The lines from the top of the material below through the line containing "현장을 찾은 장 의원은" are to be printed exactly, with pictures omitted.

Data excerpt:
<<<<

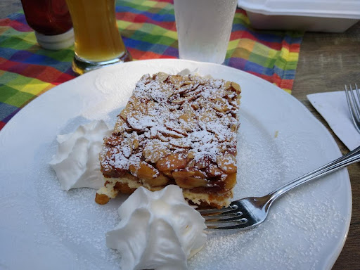 My dinner was delicious! The schnitzel was very tasty and the French fries were the bomb! Nice and crunchy! Large portions and I boxed up half to go. However, I also ordered dessert the portion was huge and the cake was very moist and the cream was between the two layers of cake. I loved the toasted almonds on top. It was one of Anita's kuchen specials. Had to have a take out container for half of the dessert.
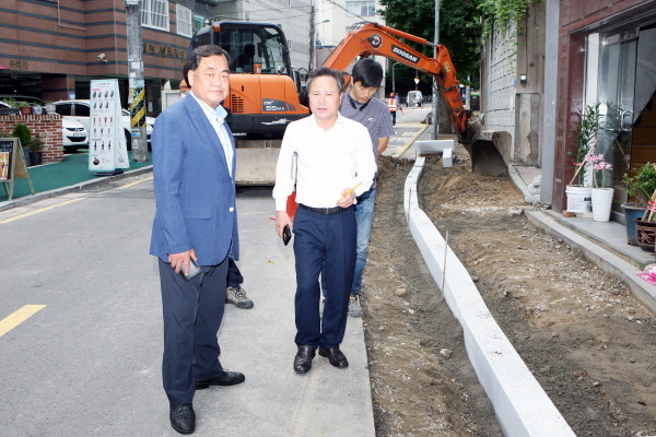 현장을 찾은 장 의원은 구청 도로과 팀장, 담당 공무원과 함께 보도정비 공사 현장을 살펴보고 인근 주민을 만나 공사에 따른 불편사항 등의 의견을 듣는 시간을 가진 후, 구청 및 공사 관계자와 함께 공사 불편사항에 대해 논의했다.
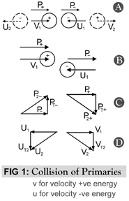 At A in a head on collision of a pair of primaries the momenta P+ and P- add so that neither can lose energy. At B a glancing impact adds transverse momenta, PT+ and PT-, shown at C, so causing extra energy of their own kind to be gained by each. Both move sideways in the same direction as shown at D.

>>>>

Solution below:
 My dinner was delicious! The schnitzel was very tasty and the French fries were the bomb! Nice and crunchy! Large portions and I boxed up half to go. However, I also ordered dessert the portion was huge and the cake was very moist and the cream was between the two layers of cake. I loved the toasted almonds on top. It was one of Anita's kuchen specials. Had to have a take out container for half of the dessert.
 현장을 찾은 장 의원은 구청 도로과 팀장, 담당 공무원과 함께 보도정비 공사 현장을 살펴보고 인근 주민을 만나 공사에 따른 불편사항 등의 의견을 듣는 시간을 가진 후, 구청 및 공사 관계자와 함께 공사 불편사항에 대해 논의했다.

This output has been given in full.